先创建了一个先进先出的队列,容量为capacity

q = data_flow_ops.FIFOQueue(capacity=capacity,
                                dtypes=[input_tensor.dtype.base_dtype],
                                shapes=[element_shape],
                                shared_name=shared_name, name=name)


然后,定义将 input_tensor 入队到队列的操作

enq = q.enqueue_many([input_tensor])


接下来使用 QueueRunner 创建多个线程运行 前面定义的入队操作,并使用 add_queue_runner 将 QueueRunner 加入到 tf.GraphKeys.QUEUE_RENNERS 集合中

queue_runner.add_queue_runner(queue_runner.QueueRunner(q, [enq], cancel_op=cancel_op))


QueueRunner

tf.train.QueueRunner 函数: https://www.tensorflow.org/api_docs/python/tf/train/QueueRunner

tf.train.QueueRunner 函数一般用来启动多个线程操作同一个队列

  def __init__(self, queue=None, enqueue_ops=None, close_op=None,
               cancel_op=None, queue_closed_exception_types=None,
               queue_runner_def=None, import_scope=None):
    """Create a QueueRunner.

    On construction the `QueueRunner` adds an op to close the queue.  That op
    will be run if the enqueue ops raise exceptions.

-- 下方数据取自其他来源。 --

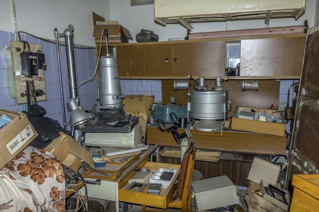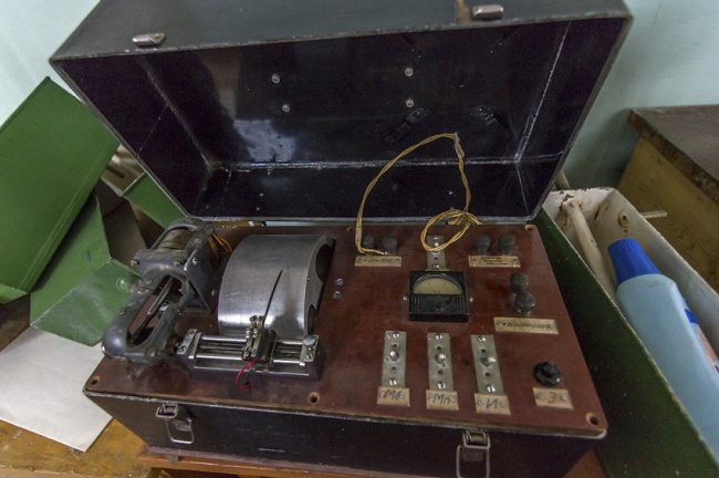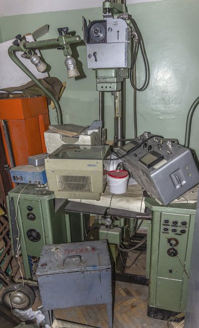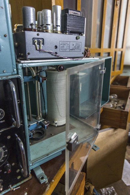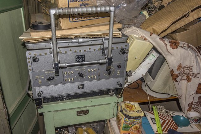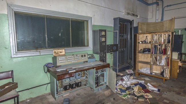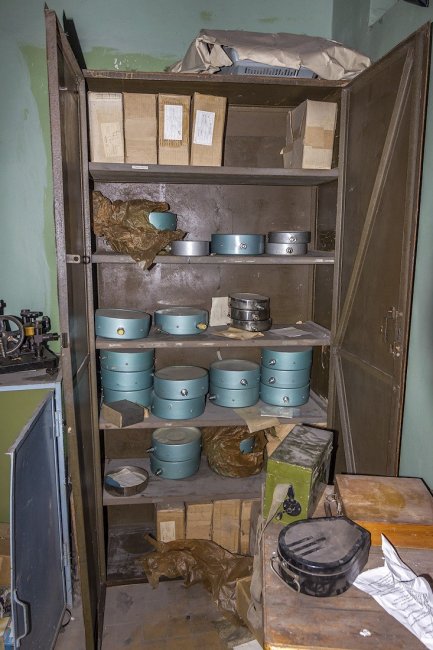 В многочисленных помещениях рядом с установкой сидели инженеры-оборонщики. Они оставили после себя целый шкаф с магнитными лентами и рулонами бумаги для записи параметров работы стендов.

    When you later call the `create_threads()` method, the `QueueRunner` will
    create one thread for each op in `enqueue_ops`.  Each thread will run its
    enqueue op in parallel with the other threads.  The enqueue ops do not have
    to all be the same op, but it is expected that they all enqueue tensors in
    `queue`.

    Args:
      queue: A `Queue`.
      enqueue_ops: List of enqueue ops to run in threads later.
      close_op: Op to close the queue. Pending enqueue ops are preserved.
      cancel_op: Op to close the queue and cancel pending enqueue ops.
      queue_closed_exception_types: Optional tuple of Exception types that
        indicate that the queue has been closed when raised during an enqueue
        operation.  Defaults to `(tf.errors.OutOfRangeError,)`.  Another common
        case includes `(tf.errors.OutOfRangeError, tf.errors.CancelledError)`,
        when some of the enqueue ops may dequeue from other Queues.
      queue_runner_def: Optional `QueueRunnerDef` protocol buffer. If specified,
        recreates the QueueRunner from its contents. `queue_runner_def` and the
        other arguments are mutually exclusive.
      import_scope: Optional `string`. Name scope to add. Only used when
        initializing from protocol buffer.

    Raises:
      ValueError: If both `queue_runner_def` and `queue` are both specified.
      ValueError: If `queue` or `enqueue_ops` are not provided when not
        restoring from `queue_runner_def`.
    """
    if queue_runner_def:
      if queue or enqueue_ops:
        raise ValueError("queue_runner_def and queue are mutually exclusive.")
      self._init_from_proto(queue_runner_def,
                            import_scope=import_scope)
    else:
      self._init_from_args(
          queue=queue, enqueue_ops=enqueue_ops,
          close_op=close_op, cancel_op=cancel_op,
          queue_closed_exception_types=queue_closed_exception_types)
    # Protect the count of runs to wait for.
    self._lock = threading.Lock()
    # A map from a session object to the number of outstanding queue runner
    # threads for that session.
    self._runs_per_session = weakref.WeakKeyDictionary()
    # List of exceptions raised by the running threads.
    self._exceptions_raised = []

add_queue_runner 

tf.train.add_queue_runner 函数: https://www.tensorflow.org/api_docs/python/tf/train/add_queue_runner

add_queue_runner(
    qr,
    collection=tf.GraphKeys.QUEUE_RUNNERS
)

将 QueueRunner 加入到指定集合中,默认为  tf.GraphKeys.QUEUE_RENNERS 集合

def add_queue_runner(qr, collection=ops.GraphKeys.QUEUE_RUNNERS):
  """Adds a `QueueRunner` to a collection in the graph.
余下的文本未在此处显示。